** Opening RECORDS SHOWN block **
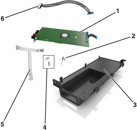 1ISP solution2Screw to attach the ISP to the bracket3ISP exterior cover4Screws to attach the ISP metal bracket to the printer cage5Plastic bracket6Long ISP cablePlace the plastic bracket inside the ISP exterior cover until itclicksinto place.
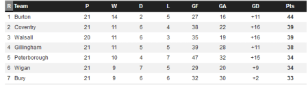 There are those who argue that League 1 is weaker this season than it was a couple of seasons ago when Latics were there. Such an argument is purely academic and is hard to substantiate. What we can see at this stage is that, despite their outstanding record in the season so far, Latics are being pursued by a pack of teams. A comparison with the table around this time of year two years ago shows that the pack of this season is overperforming:
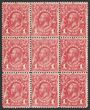 1913 Engraved 1d Red KGV blk of 5 & 9 not plated but believed to be from Plate 3 or 4. Fresh VF MUH. SG 17(var), ACSC cat $180. (14).
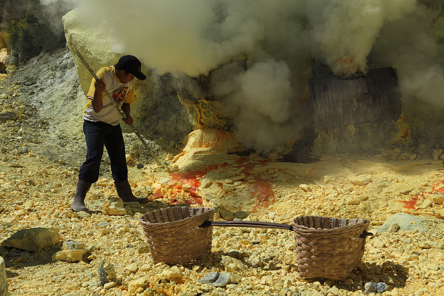 worker breaking up sulfur, carrying basked nearby |
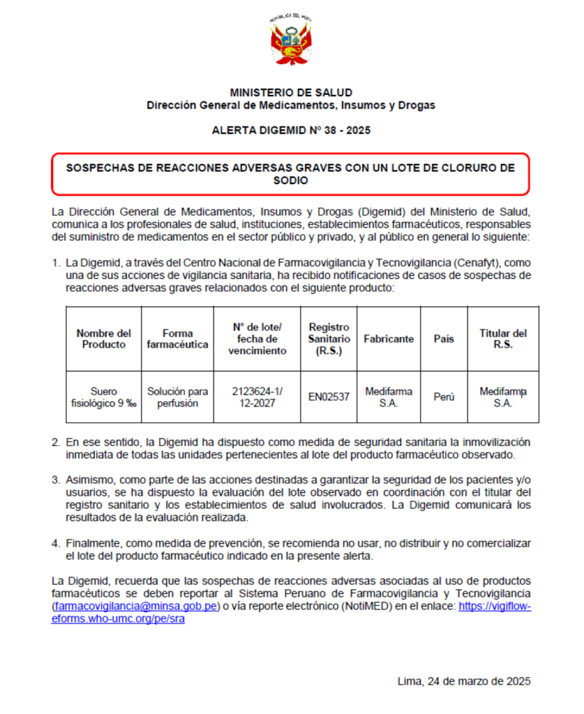 En respuesta a la situación, la clínica afirma haber inmovilizado el lote de suero implicado, colaborar con las autoridades y emprender acciones legales contra los proveedores. DIGEMID emitió una alerta sanitaria ordenando la inmovilización del lote sospechoso, tras reportes de complicaciones neurológicas en pacientes de varias clínicas del Cusco.
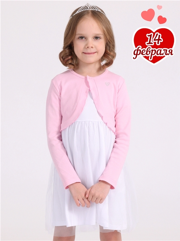 Болеро для девочки выполнено из эластичного полотна. Изделие с длинными рукавами:застегивается на кнопку:украшено оборкой и стразами. Уход: только машинная стирка (руками не стирать!) при температуре ... Показать описание40 градусов:без предварительного замачивания. Изделия с печатью и декором перед стиркой необходимо вывернуть на изнаночную сторону. Состав: ластик / хлопок 100%.
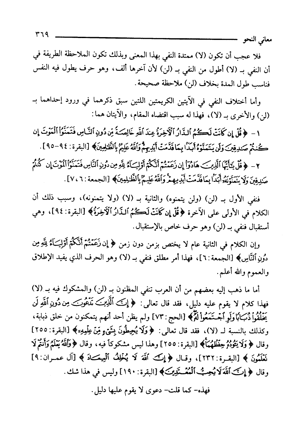 أما ما ذهب إليه بعضهم من أن العرب تنفي المظنون بـ (لن) والمشكوك فيه بـ (لا) فهذا كلام لا يقوم عليه دليل، فقد قال تعالى: {إن الذين تدعون من دون الله لن يخلقوا ذبابا ولو اجتمعوا له} [الحج: 73]، ولم يظن أحد أنهم يتمكنون من خلق ذبابة، وكذلك بالنسبة لـ (لا)، فقد قال تعالى: {ولا يحيطون بشيء من علمه} [البقرة: 255]، وقال: {ولا يؤده حفظهما} [البقرة: 255]، وهذا ليس مشكوكا فيه، وقال {والله يعلم وأنتم لا تعلمون} [البقرة: 232]، وقال: {إن الله لا يخلف الميعاد} [آل عمران: 9]، وقال: {إن الله لا يحب المعتدين} [البقرة: 190]، وليس في هذا شك.
** Closing RECORDS SHOWN block **
Transcribe the whole listing exactly but exclude images.

 1ISP solution2Screw to attach the ISP to the bracket3ISP exterior cover4Screws to attach the ISP metal bracket to the printer cage5Plastic bracket6Long ISP cablePlace the plastic bracket inside the ISP exterior cover until itclicksinto place.
 There are those who argue that League 1 is weaker this season than it was a couple of seasons ago when Latics were there. Such an argument is purely academic and is hard to substantiate. What we can see at this stage is that, despite their outstanding record in the season so far, Latics are being pursued by a pack of teams. A comparison with the table around this time of year two years ago shows that the pack of this season is overperforming:
 1913 Engraved 1d Red KGV blk of 5 & 9 not plated but believed to be from Plate 3 or 4. Fresh VF MUH. SG 17(var), ACSC cat $180. (14).
 worker breaking up sulfur, carrying basked nearby |
 En respuesta a la situación, la clínica afirma haber inmovilizado el lote de suero implicado, colaborar con las autoridades y emprender acciones legales contra los proveedores. DIGEMID emitió una alerta sanitaria ordenando la inmovilización del lote sospechoso, tras reportes de complicaciones neurológicas en pacientes de varias clínicas del Cusco.
 Болеро для девочки выполнено из эластичного полотна. Изделие с длинными рукавами:застегивается на кнопку:украшено оборкой и стразами. Уход: только машинная стирка (руками не стирать!) при температуре ... Показать описание40 градусов:без предварительного замачивания. Изделия с печатью и декором перед стиркой необходимо вывернуть на изнаночную сторону. Состав: ластик / хлопок 100%.
 أما ما ذهب إليه بعضهم من أن العرب تنفي المظنون بـ (لن) والمشكوك فيه بـ (لا) فهذا كلام لا يقوم عليه دليل، فقد قال تعالى: {إن الذين تدعون من دون الله لن يخلقوا ذبابا ولو اجتمعوا له} [الحج: 73]، ولم يظن أحد أنهم يتمكنون من خلق ذبابة، وكذلك بالنسبة لـ (لا)، فقد قال تعالى: {ولا يحيطون بشيء من علمه} [البقرة: 255]، وقال: {ولا يؤده حفظهما} [البقرة: 255]، وهذا ليس مشكوكا فيه، وقال {والله يعلم وأنتم لا تعلمون} [البقرة: 232]، وقال: {إن الله لا يخلف الميعاد} [آل عمران: 9]، وقال: {إن الله لا يحب المعتدين} [البقرة: 190]، وليس في هذا شك.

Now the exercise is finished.